One of the good things with XML is that it’s a structured format. However, the bad thing is with it is that it’s quite easy to break such structured format. For this reason, it’s pretty important, when editing such file within a script, to validate before and after editing that the structure is proper XML.

I quite recently discovered the command ‘xmlwf’, coming with the ‘expat’ package, which allow to perform such validation operation:

$ xmlwf /tmp/index.xml
/tmp/index.xml:825:2: mismatched tag

While quite old, and not perfect (for instance, an invalid file does not result into the command returning a non zero status), this command is still quite handy to me on a daily basis.

XML edition

If ‘xmlwf’ is helpful, the hard point in handling XML files certainly does not rely in their validation, but their editing. As stated previously, adding or removing child elements, or tweaking attributes, are simply not easy to achieve with the regular script tricks. Fortunately, another useful command from the ‘libxml’ package comes to our rescue for this purpose: xsltproc.

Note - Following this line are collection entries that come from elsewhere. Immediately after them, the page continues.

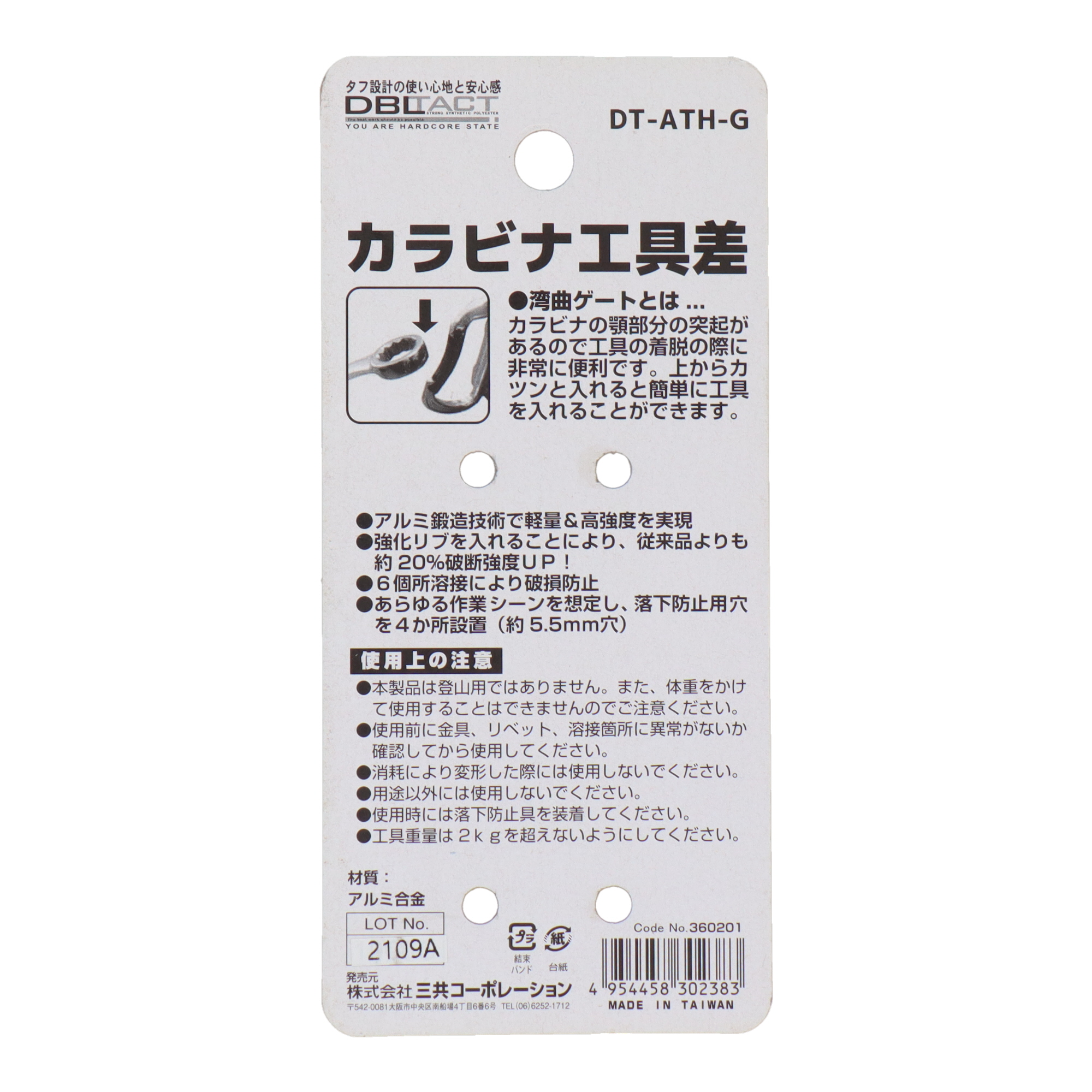 DBLTACTDT-ATH-S カラビナ工具差 <湾曲ゲート> 高強度アルミ鍛造品 シルバー
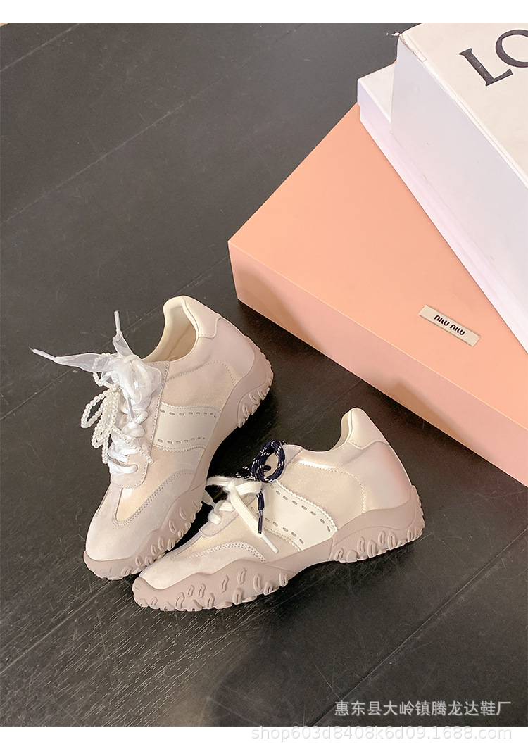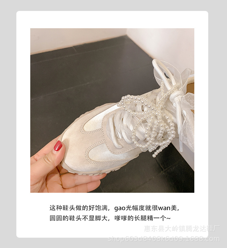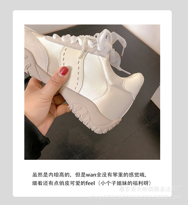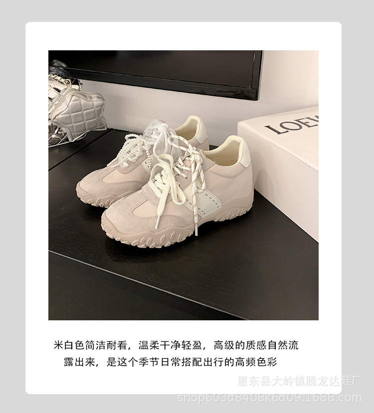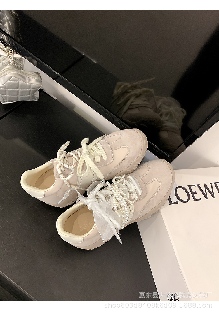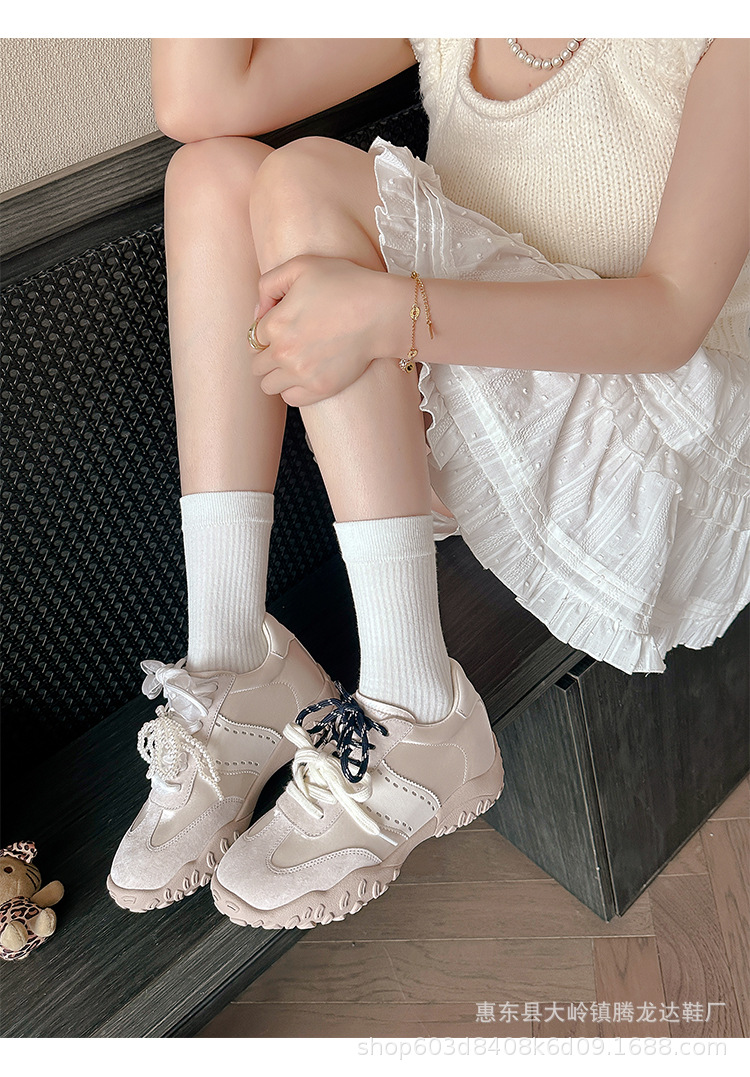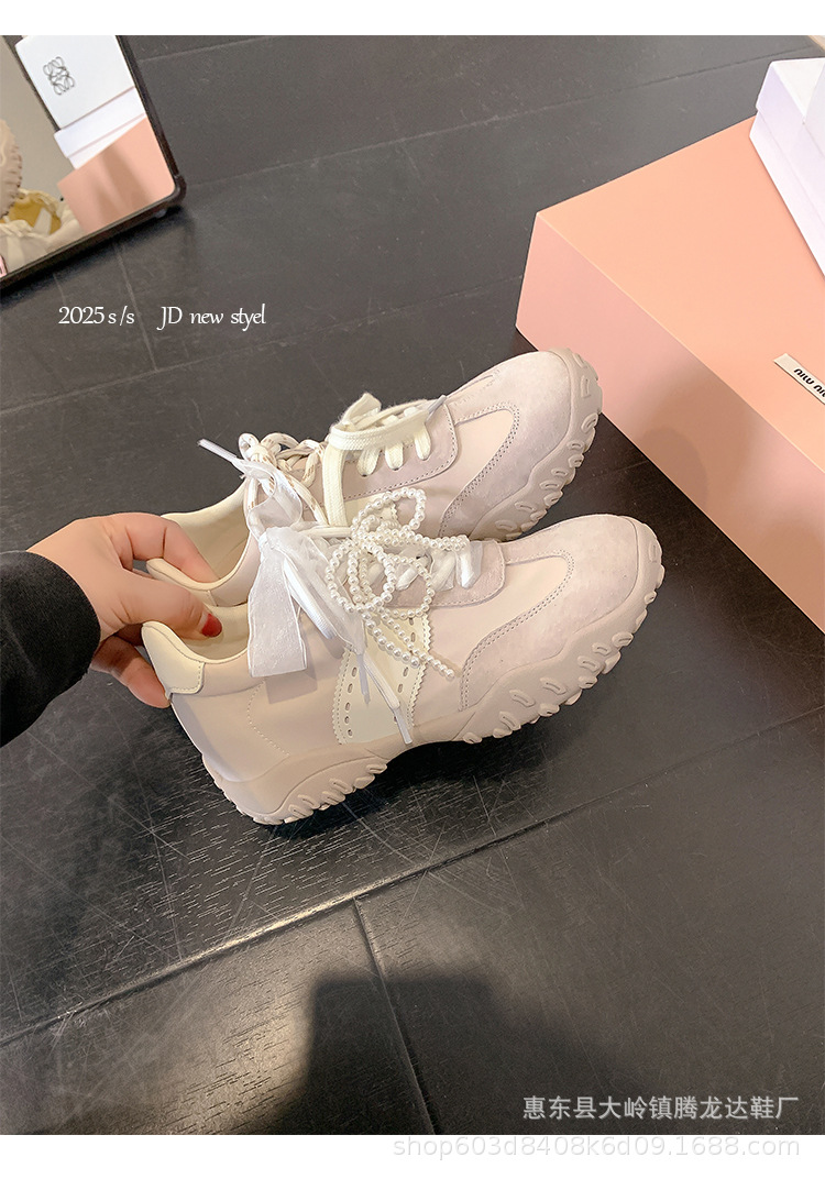 8cm 키높이 가죽 데트린 슈즈 여성용 2025 신상 진주 레이스 신발끈 스포츠 캐주얼 아가니 슈즈 여성용스토어 가기
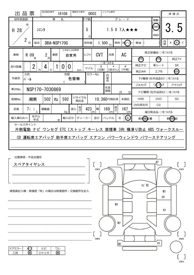 | TOYOTA | SIENTA | 2016 | 1500 cc | ||||||||||||||||
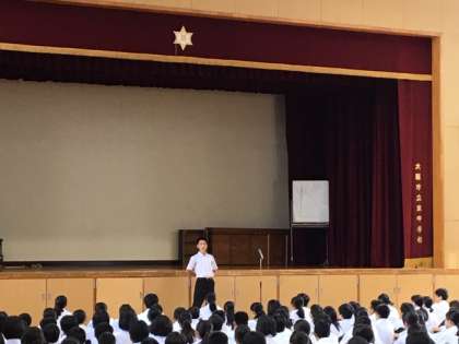 校長先生からの話では、立秋が過ぎ、少しずつ季節が変化しています。皆さんも少しずつ成長しているのではないでしょうか。毎日の積み重ねが大切です。この2学期は体育大会などたくさんの行事もあります。成長した姿を存分に見せてください!
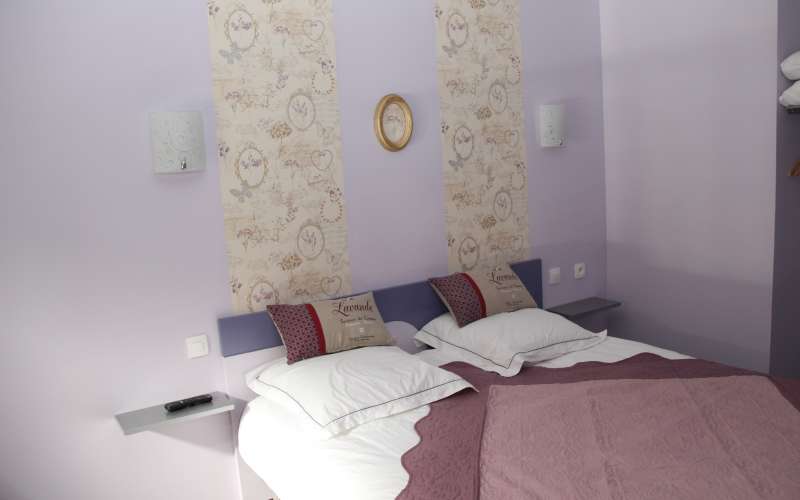 Chambre Lavande (lit 160 + 1 lit 90) :75€ (1 lit), 85€ (2 lits).
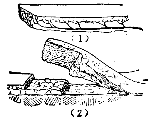 图4 旋转皮瓣 推进皮瓣 为利用缺损外围一侧的局部皮肤所形成的向缺损区作直向推进滑行移转的皮瓣。于皮瓣蒂基部两侧的外方,常各需切除一小块三角形皮肤,以消除所出现的皱褶 (图5)。
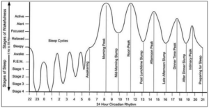 At night, these cycles correspond to the different stages of sleep (alertness, light, REM, deep, etc.). All night we go through these repeating rhythms.
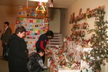 Szalmából, csuhéból készült karácsonyfadíszek, festett dobozok és üvegek, ragasztott képek, gyapjúmanók, magokkal kirakott képeslapok — megannyi apró használati és dísztárgy, ami bármelyik karácsonyi vásárban megtalálható.

This allows you to process an XML files using a XSLT style sheet, enabling one to easily modify its structure while ensuring the file remains valid. As the command allows one to pass parameters for the style sheet, it is also quite a handy tool for script usage. Let’s look at a concrete example to see how one can leverage this.

Adding a server to a server group in JBoss AS host definition

Editing with the XML structure using XSLT

Since the release of JBoss AS 7 (which is used as a base for JBoss EAP 6), the JEE application server offers a new mode of operation, called domain mode, which allows you to run several instances of the server, even across several systems, as a whole. One key configuration file of this feature is the ‘domain/configuration/host.xml’ file, which describes how many instance should be run on one host.

This example will focus on editing this file, within a script, to add server definitions to it.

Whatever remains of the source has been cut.